第144話 情愛と幸福のノスタルジア⑱ ~家族~
暫くして、唇が離れると、優しく微笑む侑斗と目が合って、ゆりは恥ずかしそうに頬を赤らめた。
「っ……近いっ」
「え? 今更?」
「だって……なんだか急に、恥ずかしくなってきちゃって」
まるで、全身が火を噴くよう。ゆりは、先ほど重なった唇に指先だけでふれると、耳まで赤くし、その顔を俯かせた。
キスひとつで、ここまで顔を赤くするなんて、こういうところは、まだまだ子供だなと、侑斗は微笑ましく思う。

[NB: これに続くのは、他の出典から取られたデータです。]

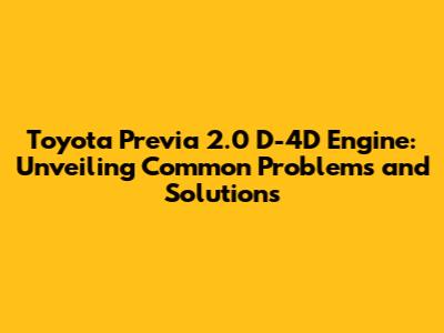 Toyota Previa 2.0 D-4D Engine: Common Issues & Solutions

まぁ、また子供扱いなんてしたら、怒られそうだけど……。
「はは、そんなに恥ずかしがらなくても」
「っ……だって私、キス……初めて……なんだもの」
「!?」
だが、その後予想外の言葉が返ってきて、侑斗はめをみはった。
「は、初めてって、いやいや、嘘だろ!?」
「嘘じゃないし!」
「いや、だって……」
あんな、迫り方していて?
だが、キスもしたことがないということは……
「もしかして、そっちの経験も無いのか?」
「……っ」
多少、セクハラまがいなことを問いかければ、ゆりは再び顔を真っ赤にすると、その後、小さくコクッと頷いた。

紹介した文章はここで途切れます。